━━ DATA ━━

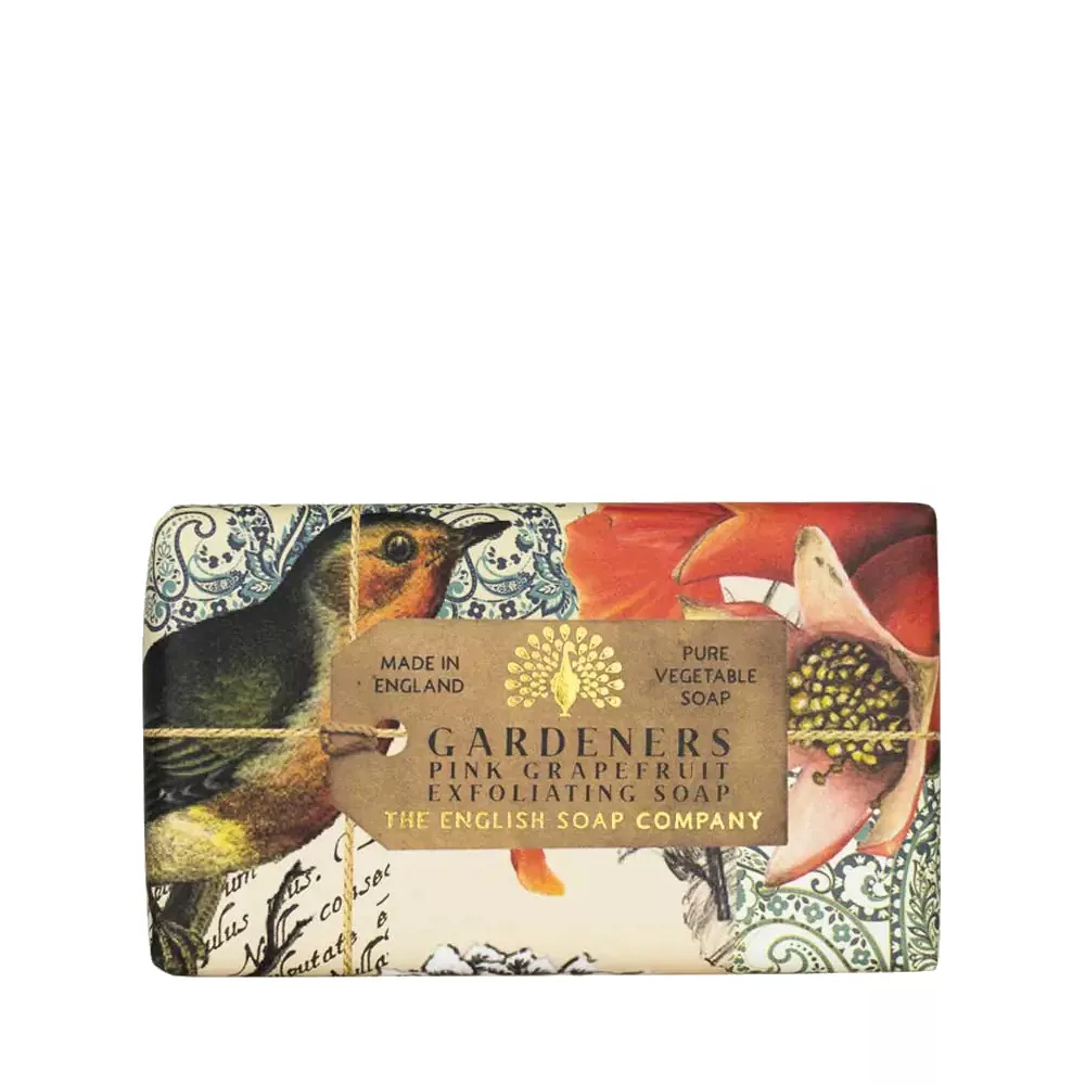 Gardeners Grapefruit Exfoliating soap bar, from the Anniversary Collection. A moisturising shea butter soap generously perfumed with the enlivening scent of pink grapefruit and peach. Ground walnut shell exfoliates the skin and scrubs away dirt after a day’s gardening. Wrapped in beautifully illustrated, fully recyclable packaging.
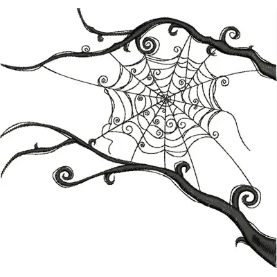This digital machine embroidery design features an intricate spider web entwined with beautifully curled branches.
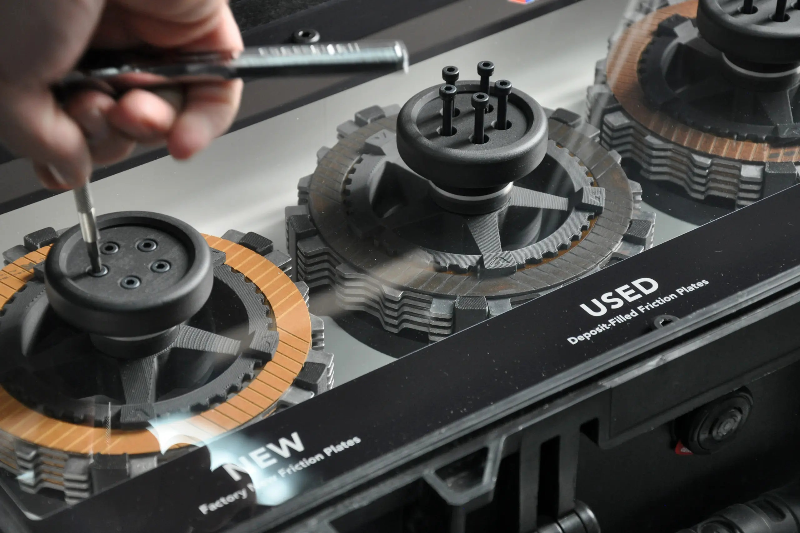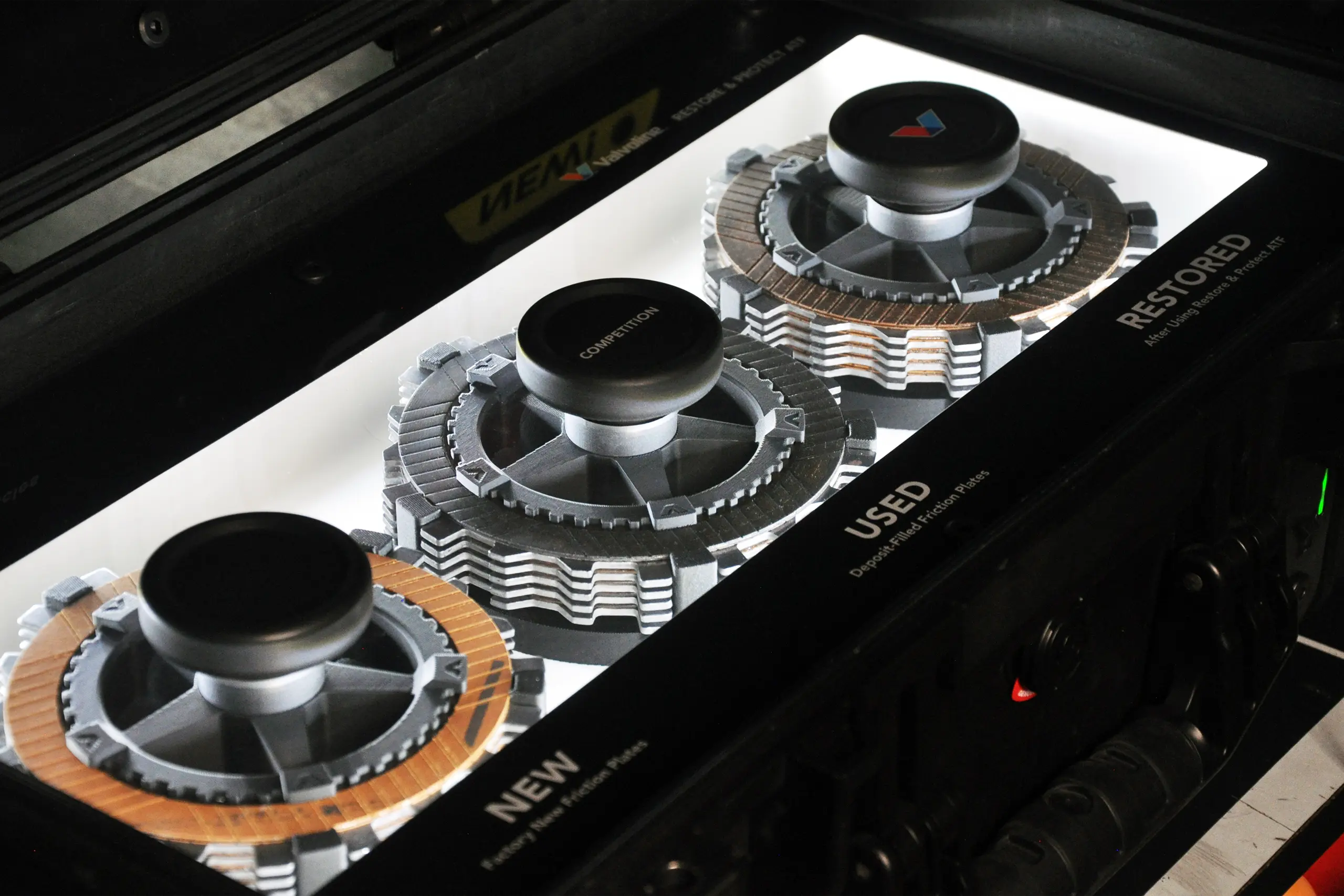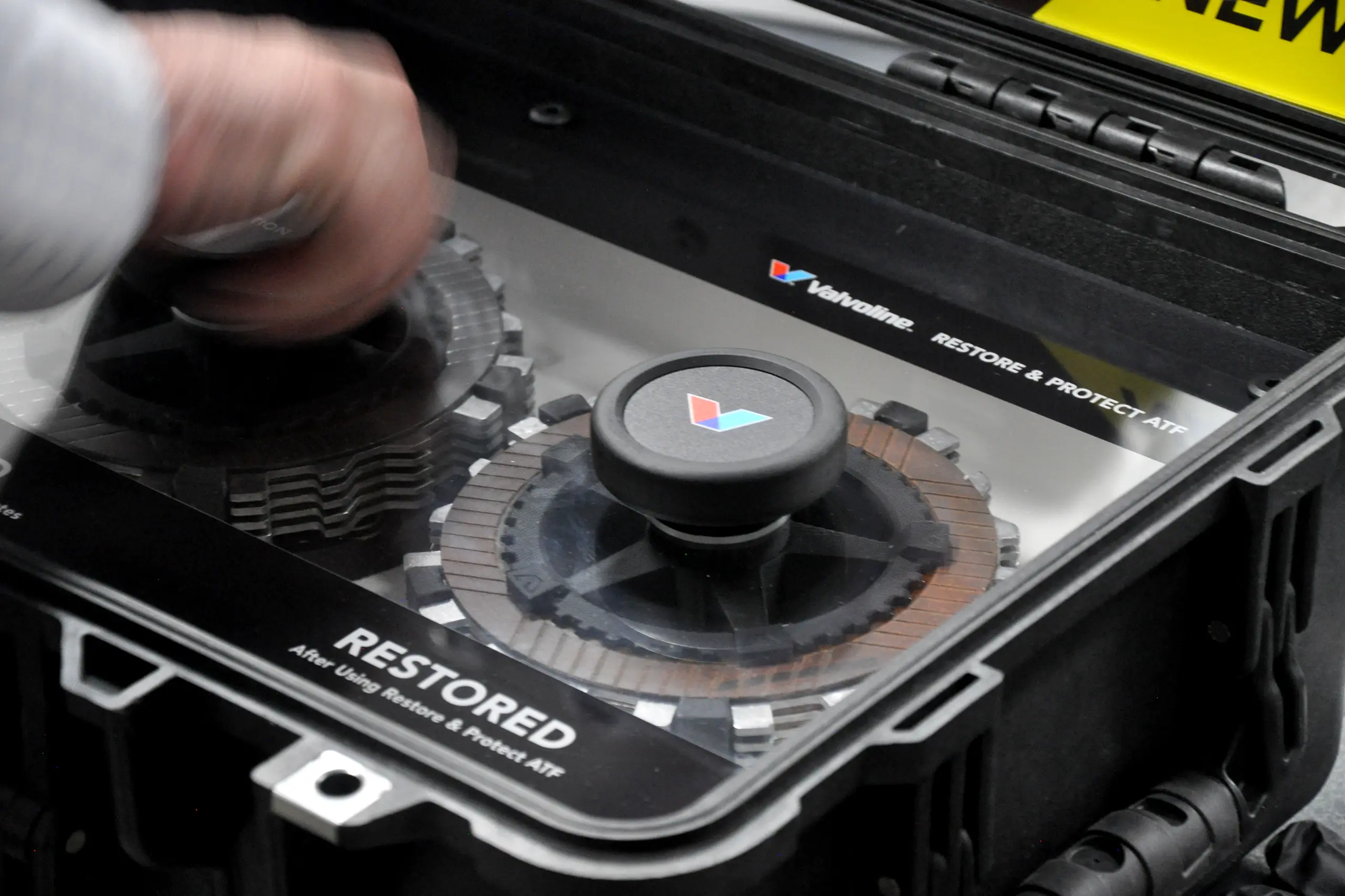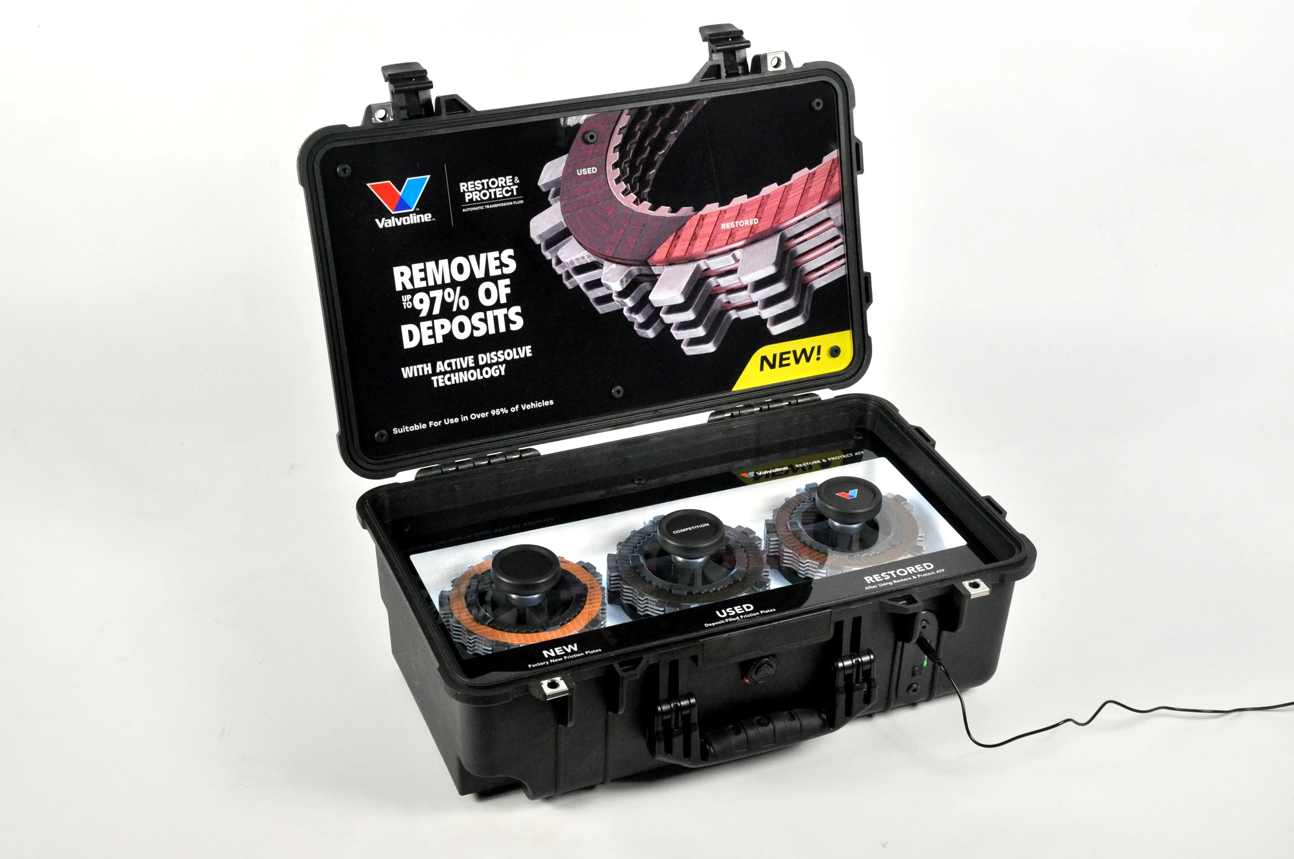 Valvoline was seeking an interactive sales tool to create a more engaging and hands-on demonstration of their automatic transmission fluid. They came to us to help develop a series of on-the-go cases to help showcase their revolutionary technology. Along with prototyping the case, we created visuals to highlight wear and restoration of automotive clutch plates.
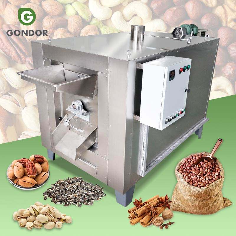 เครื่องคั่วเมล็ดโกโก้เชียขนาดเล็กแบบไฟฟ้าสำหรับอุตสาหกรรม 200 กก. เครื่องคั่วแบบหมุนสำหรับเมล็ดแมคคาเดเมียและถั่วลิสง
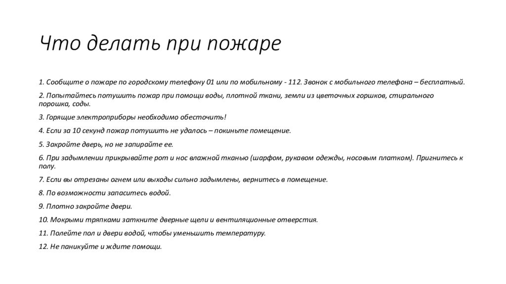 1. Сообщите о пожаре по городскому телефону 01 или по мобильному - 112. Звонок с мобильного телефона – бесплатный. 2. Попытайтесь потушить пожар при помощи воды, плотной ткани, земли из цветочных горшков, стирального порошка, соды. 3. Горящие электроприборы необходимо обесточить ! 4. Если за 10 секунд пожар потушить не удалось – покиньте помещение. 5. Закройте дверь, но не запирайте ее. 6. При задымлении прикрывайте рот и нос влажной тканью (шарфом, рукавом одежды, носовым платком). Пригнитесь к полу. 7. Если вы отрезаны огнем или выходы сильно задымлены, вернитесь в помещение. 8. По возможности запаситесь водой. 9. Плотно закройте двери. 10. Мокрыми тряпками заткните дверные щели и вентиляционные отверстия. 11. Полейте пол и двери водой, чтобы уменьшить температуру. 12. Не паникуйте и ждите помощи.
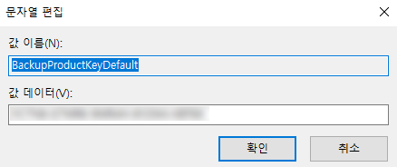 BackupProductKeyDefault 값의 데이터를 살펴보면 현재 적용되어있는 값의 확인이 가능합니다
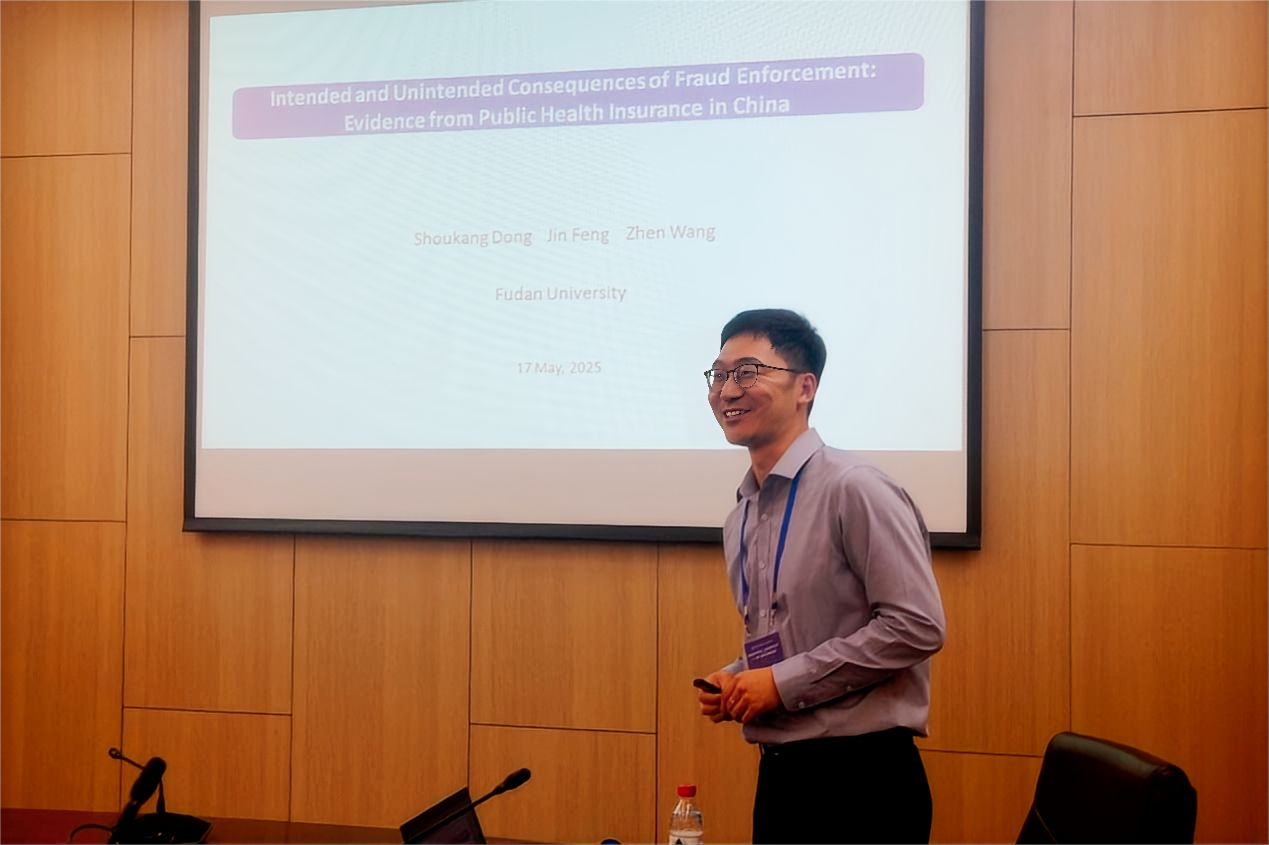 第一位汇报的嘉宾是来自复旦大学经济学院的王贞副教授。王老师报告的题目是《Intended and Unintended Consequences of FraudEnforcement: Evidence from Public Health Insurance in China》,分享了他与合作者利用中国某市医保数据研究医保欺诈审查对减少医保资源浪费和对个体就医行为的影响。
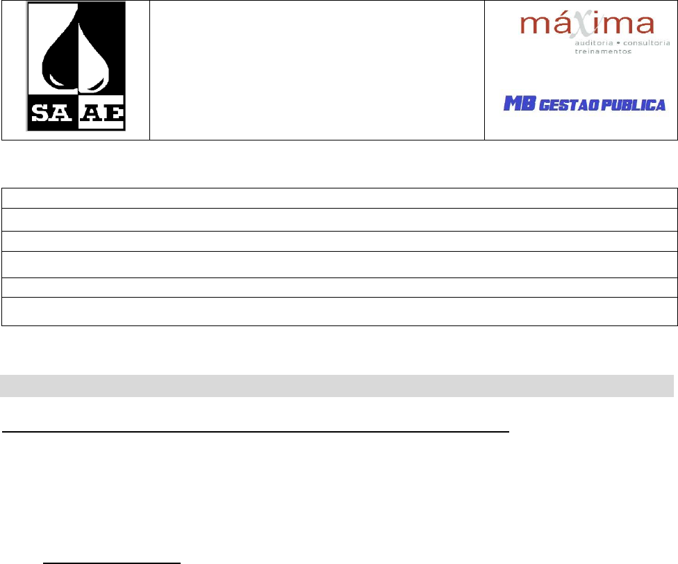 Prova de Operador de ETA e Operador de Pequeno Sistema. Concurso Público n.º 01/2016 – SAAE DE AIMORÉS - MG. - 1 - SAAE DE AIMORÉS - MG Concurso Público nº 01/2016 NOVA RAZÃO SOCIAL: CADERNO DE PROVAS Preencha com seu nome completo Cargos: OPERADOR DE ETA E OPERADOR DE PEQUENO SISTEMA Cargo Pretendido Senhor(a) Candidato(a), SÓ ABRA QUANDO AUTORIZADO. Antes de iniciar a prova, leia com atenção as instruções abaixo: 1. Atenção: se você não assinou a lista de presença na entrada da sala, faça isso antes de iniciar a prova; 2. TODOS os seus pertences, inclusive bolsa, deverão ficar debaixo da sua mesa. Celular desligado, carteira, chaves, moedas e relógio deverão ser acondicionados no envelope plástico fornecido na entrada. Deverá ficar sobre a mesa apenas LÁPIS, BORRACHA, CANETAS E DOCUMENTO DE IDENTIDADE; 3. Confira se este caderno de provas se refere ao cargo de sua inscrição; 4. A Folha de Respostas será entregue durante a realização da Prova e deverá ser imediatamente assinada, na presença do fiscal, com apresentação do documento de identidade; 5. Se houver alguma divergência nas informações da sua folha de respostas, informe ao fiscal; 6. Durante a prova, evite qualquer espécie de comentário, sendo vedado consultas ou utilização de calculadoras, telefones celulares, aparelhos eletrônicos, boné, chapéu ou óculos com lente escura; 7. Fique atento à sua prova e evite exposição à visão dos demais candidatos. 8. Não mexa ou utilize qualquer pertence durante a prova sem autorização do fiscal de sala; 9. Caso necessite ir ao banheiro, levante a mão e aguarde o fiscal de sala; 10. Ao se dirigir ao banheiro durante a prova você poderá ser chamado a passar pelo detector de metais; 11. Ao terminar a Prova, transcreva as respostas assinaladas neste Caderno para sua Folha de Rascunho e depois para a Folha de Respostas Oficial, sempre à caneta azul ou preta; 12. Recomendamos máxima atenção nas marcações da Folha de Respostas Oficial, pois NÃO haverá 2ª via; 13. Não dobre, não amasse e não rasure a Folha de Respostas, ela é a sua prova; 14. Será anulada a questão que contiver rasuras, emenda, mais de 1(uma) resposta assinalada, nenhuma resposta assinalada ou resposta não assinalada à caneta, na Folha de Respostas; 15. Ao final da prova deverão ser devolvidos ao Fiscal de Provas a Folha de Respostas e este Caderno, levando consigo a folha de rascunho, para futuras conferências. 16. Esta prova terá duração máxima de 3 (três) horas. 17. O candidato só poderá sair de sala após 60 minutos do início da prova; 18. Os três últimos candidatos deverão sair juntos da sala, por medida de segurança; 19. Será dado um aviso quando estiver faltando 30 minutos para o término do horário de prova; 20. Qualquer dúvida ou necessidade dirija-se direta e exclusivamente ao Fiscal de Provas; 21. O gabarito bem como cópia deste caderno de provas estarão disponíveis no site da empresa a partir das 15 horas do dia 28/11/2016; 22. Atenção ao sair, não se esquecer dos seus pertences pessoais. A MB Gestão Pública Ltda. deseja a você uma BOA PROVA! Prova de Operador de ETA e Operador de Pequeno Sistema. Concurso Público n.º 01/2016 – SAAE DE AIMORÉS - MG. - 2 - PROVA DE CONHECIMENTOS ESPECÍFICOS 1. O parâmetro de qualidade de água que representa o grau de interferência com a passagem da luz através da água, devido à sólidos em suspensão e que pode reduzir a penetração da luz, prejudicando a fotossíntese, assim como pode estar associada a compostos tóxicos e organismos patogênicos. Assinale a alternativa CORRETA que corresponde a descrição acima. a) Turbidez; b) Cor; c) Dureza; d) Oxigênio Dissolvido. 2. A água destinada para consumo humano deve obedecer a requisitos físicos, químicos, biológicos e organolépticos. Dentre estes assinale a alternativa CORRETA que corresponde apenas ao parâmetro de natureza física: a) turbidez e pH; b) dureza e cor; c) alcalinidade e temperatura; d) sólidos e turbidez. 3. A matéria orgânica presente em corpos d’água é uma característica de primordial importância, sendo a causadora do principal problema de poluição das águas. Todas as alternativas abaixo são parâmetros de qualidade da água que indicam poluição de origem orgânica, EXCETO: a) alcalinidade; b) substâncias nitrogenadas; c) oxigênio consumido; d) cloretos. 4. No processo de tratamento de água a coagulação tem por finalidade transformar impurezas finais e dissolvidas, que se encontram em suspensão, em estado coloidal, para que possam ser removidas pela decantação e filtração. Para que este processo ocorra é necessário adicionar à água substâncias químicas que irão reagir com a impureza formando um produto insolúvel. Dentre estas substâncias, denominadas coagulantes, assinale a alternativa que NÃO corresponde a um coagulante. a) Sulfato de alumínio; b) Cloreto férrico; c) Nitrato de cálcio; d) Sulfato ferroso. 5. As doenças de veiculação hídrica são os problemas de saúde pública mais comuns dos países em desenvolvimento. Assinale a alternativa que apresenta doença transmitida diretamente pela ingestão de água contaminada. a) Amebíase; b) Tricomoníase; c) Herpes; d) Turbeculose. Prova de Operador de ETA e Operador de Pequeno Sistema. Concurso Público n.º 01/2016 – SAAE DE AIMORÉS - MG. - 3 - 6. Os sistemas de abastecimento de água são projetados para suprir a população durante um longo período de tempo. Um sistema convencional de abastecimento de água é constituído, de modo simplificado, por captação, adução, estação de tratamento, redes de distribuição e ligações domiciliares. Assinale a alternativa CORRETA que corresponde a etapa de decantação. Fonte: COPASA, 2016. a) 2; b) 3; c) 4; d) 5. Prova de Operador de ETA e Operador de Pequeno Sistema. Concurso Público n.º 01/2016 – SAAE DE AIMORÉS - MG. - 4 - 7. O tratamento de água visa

━━━

WHAT TO PRODUCE
The material above holds pictures; leave them out. Repeat exactly the lines from the one containing "BackupProductKeyDefault 값의 데이터를" through the one containing "第一位汇报的嘉宾是来自复旦大学经济学院的王贞副教授。王老师报告的题目是《Intended and Unintended", and nothing else.

SOLUTION TO THIS EXERCISE
 BackupProductKeyDefault 값의 데이터를 살펴보면 현재 적용되어있는 값의 확인이 가능합니다
 第一位汇报的嘉宾是来自复旦大学经济学院的王贞副教授。王老师报告的题目是《Intended and Unintended Consequences of FraudEnforcement: Evidence from Public Health Insurance in China》,分享了他与合作者利用中国某市医保数据研究医保欺诈审查对减少医保资源浪费和对个体就医行为的影响。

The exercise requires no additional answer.